Dans quelle ville se déroule donc ce récit ? Dans quel Etat ? N’importe quelle ville et n’importe quel Etat. Seule l’époque compte. Nous sommes en 2005 et, pour que les forces de l’ordre atteignent une efficacité optimale, il faut sélectionner les citoyens et les ranger en deux catégories : les bien-portants et les autres.
Naturellement, aux commandes de cet Etat, on trouvera des politiques véreux et des esprits pervers, soit pour les soutenir, soit pour profiter de la situation (des lois) et amasser des fortunes. Puisque, naturellement, il y aura fraudes, débordements, infractions. En l’occurrence, on se posera tôt la question : que se passe-t-il lorsqu’un homme de pouvoir devient cartonblêmisable ? Et un haut fonctionnaire de l’Intérieur ?

Et le Dingue au Marteau, dans toute cette histoire ? Un accessoire. Le fruit exemplaire d’une société hyper-civilisée et structurée, mais dépassée par les paradoxes de ses lois et de sa morale. Sa propre nature et ses ambitions, aussi. Par ailleurs, la ville que décrit Siniac est une certaine forme d’Enfer, irrespirable, sale, obscure, ceinturée de complexes industriels abandonnés, de décharges publiques géantes, de rues glauques, de vestiges d’une ère déchue qu’on voudrait redresser, perfectionner, magnifier.

Siniac livre cet enfer avec une lame tranchante fixée à sa plume. Il ne verse pas dans la formule embellie, soignée, limpide ; il coupe, perfore, agresse le corps-même de son texte pour le rendre fidèle au monde qu’il décrit et peuple de personnages – encore un peu humains, parfois, mais plus beaucoup, ou plus pour très longtemps.

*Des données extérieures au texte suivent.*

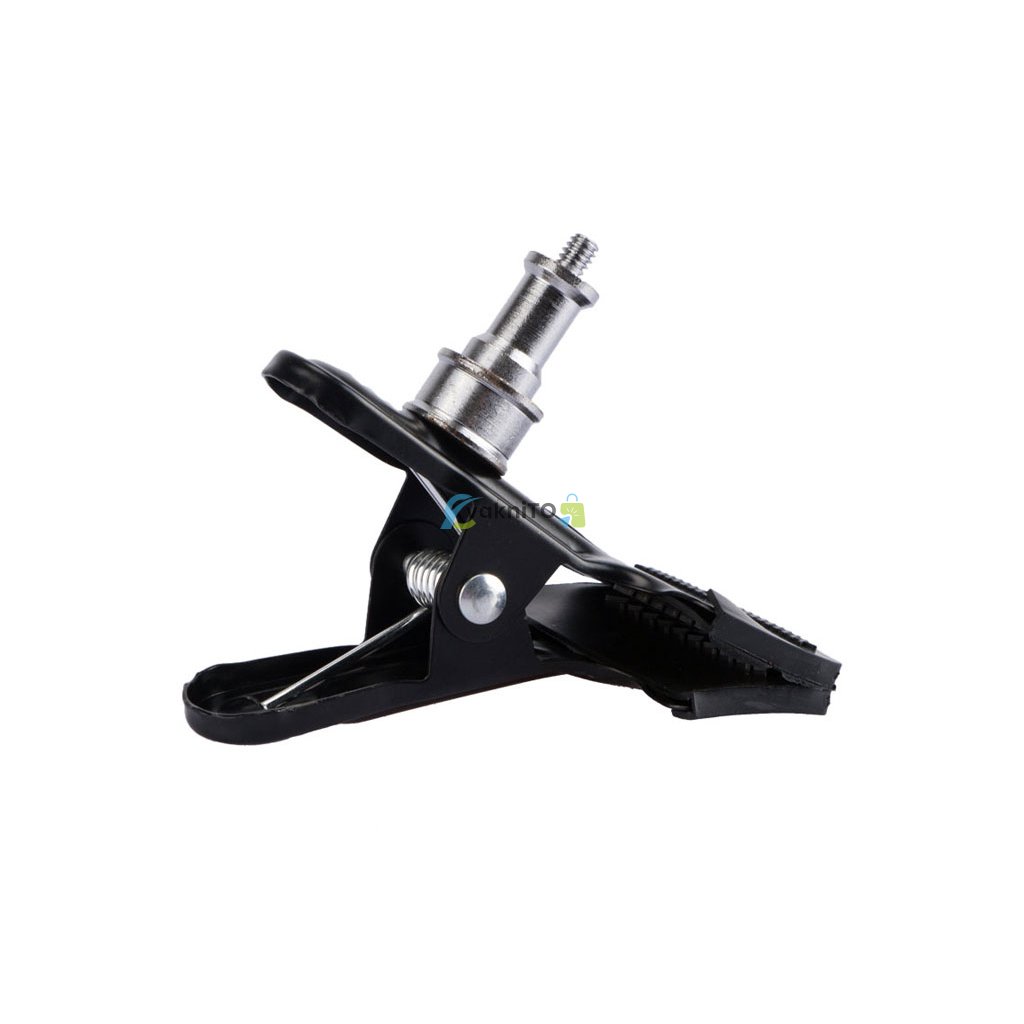 Robustná kovová štúdiová svorka s veľmi silnou pružinou na upínanie papierového pozadia, textílneho pozadia alebo rekvizít. Na konci svorky gumové kryty, ktoré zaisťujú maximálnu fixáciu. Vhodné aj pre fotostoly.
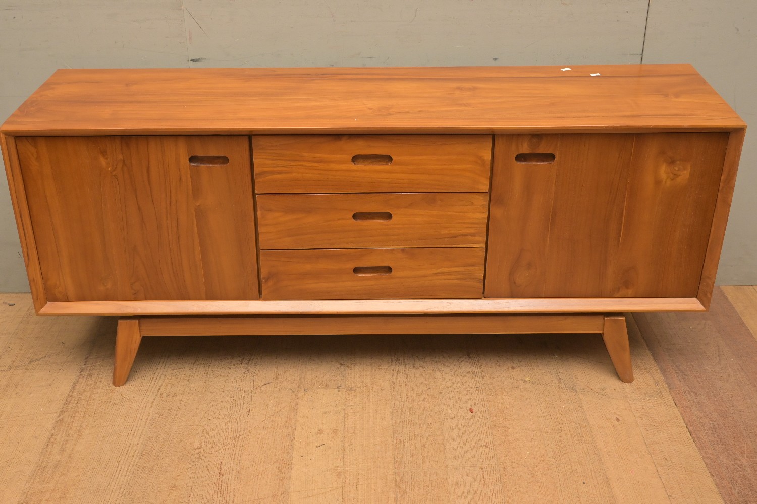 A MID-CENTURY STYLE SOLID TEAK SIDEBOARD (64H X 150W X 40D CM) (PLEASE NOTE THIS HEAVY ITEM MUST BE REMOVED BY CARRIERS AT THE CUSTOMER'S EXPENSE. LEONARD JOEL STAFF CANNOT ASSIST CARRYING THIS ITEM) (LARGE ITEM)

De cette écriture jaillissent ainsi des extraits de presse écrite, des extraits de rapports officiels, des messages radios, des archives personnelles de Ministre, des propositions de lois et de réformes, chiffres, courbes, statistiques jointes ; le tout en bonne et due forme, rendus tels quels dans le livre. Alternés de récits de faits divers, du plus sordide au plus inquiétant. Quelques lueurs brillent bien ça et là, mais pas évidentes à capter, tant on est absorbé par le dédale à peine grotesque, et préoccupé par notre sort, au fond. Une vilaine angine qui dégénère un peu et on te livre en pâture aux malfaisants de toutes espèces ; des éradicateurs conventionnés, en somme. Bien pratique pour l’Etat.